The second alternative has the disadvantage that a thread is
dedicated to communication and is not available for computation.
This becomes less of an issue with high core counts and
multithreaded cores: In many cases the use of a progress thread
improves overall performance \cite{vaidyanathan2015improving}. Also
techniques, such as
those described in
\cite{hoefler2008message,denis2014pioman},can dynamically vary the
resource
consumption of progress threads. It is also possible to reduce
interference between the progress engine and the computation by
using a separate progress process \cite{si2015casper}.
The use of a progress thread is likely to be important for the
performance of non-blocking collective operations: A process that
does not kick-start the progress engine may slow down many other
processes. It is important for the performance of one-sided
communications as those often require the execution of software on
the passive process. Both MPICH and Open MPI and can be
initialized to run with a progress thread.
\end{enumerate}
There is ongoing work, both in MPICH and OpenMP, to palliate the impact of some
of these issues
these issues \cite{balaji2008toward,mpicon2,mpi-thread,dang2017advanced}. Also,
vendors may enhance support to
MPI in
future
generations of NICs, thus reducing the impact of these issues.
\subsection{Possible MPI 4 extensions}
The MPI forum is discussing several proposals that could be relevant to
this document \cite{MPI4}. Among them:
\paragraph{Interoperability with task-based runtimes} (\#75) This would add
an \texttt{MPI\_TASK\_MULTIPLE} mode to MPI. MPI can be initialized with
this mode (in a call to \text{MPI\_THREAD\_INIT()}); if MPI supports this
mode, it will return \texttt{MPI\_TASK\_MULTIPLE} in the \texttt{provided}
argument.
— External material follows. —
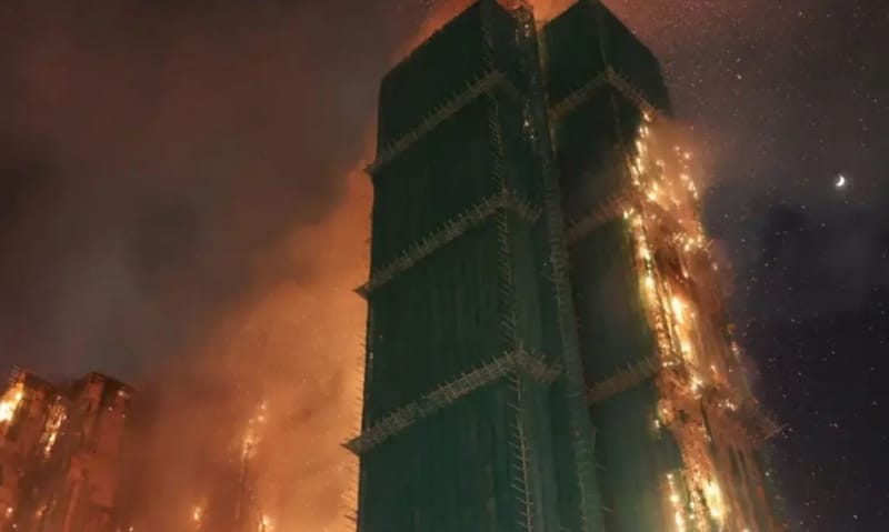 İtfaiye ekiplerinin yangına müdahalesi sürerken, olay yerinden gelen görüntüler yangının vahametini ortaya koydu. Görüntülerde, itfaiye ekiplerinin, dış cephesi bambu iskelesiyle kaplı olan ve alevler içinde kalan dairelere müdahale ettiği görüldü.

In this mode, a blocking MPI
call blocks only the executing task. As for
\texttt{MPI\_THREAD\_MULTIPLE}, the proposal does not define what a "task"
is; unlike \texttt{MPI\_THREAD\_MULTIPLE}, there is no current (de facto
or de jure) standard for task runtimes, and different systems use different
runtimes. This may reduce the usefulness of this proposal, if it is not
augmented with a standard MPI interface to task libraries, as proposed in
this document.
\paragraph{Callback-driven event interface for MPI\_T} (\#79) This would
provide an interface for the specification of callback functions to be
invoked when certain MPI events happen; e.g., when a receive matches a
send. This interface may facilitate the implementation of some of the
mechanisms proposed in this document -- to the least, in a prototype form.
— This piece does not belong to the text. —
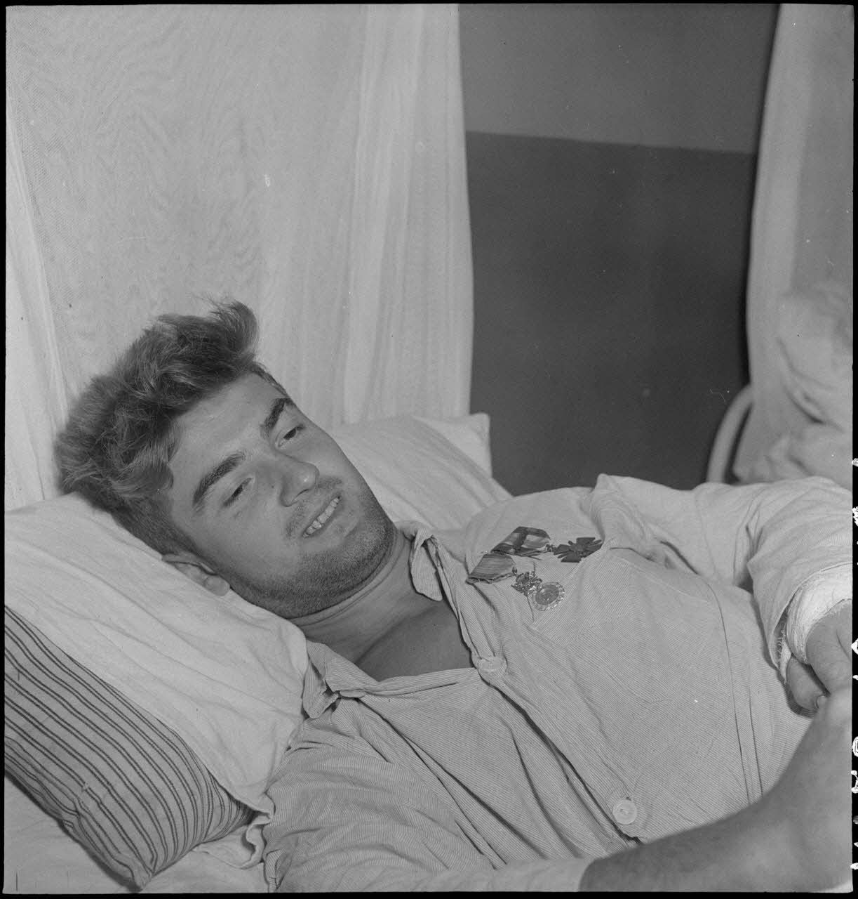 Portrait d'un sergent de la 2e BEP (bataillon étranger parachutistes) d'Autriche sur un lit d'hôpital.

\paragraph{Endpoints} (\#56) This would enable an MPI process to
"own"
multiple ranks, each providing the usual semantics of of an MPI process.
This may enable splitting the MPI traffic into independent streams, thus
reducing thrashing.
\paragraph{Additional Communicator Assertion Info Keys} (\#11,\#58) This
would
enable to specify that communication on a communicator satisfies
constraints that can be used to improve performance. These include (i) no
use of wild-cards (\texttt{no\_any\_tag, no\_any\_source}), (ii) only use
wild-cards (\texttt{only\_any\_tag, only\_any\_source}, (iii) matching
lengths for send and receive
buffers (\texttt{exact\_length}), (iv) out-of-order message matching
allowed (\texttt{allow\_overtaking}), (v)
restricted use of multithreading (\texttt{thread\_level()}), (vi) no
canceling (\texttt{no\_send\_cancel, no\_recv\_cancel}), and (vii) no use
of derived datatypes (\texttt{no\_derived\_datatypes}).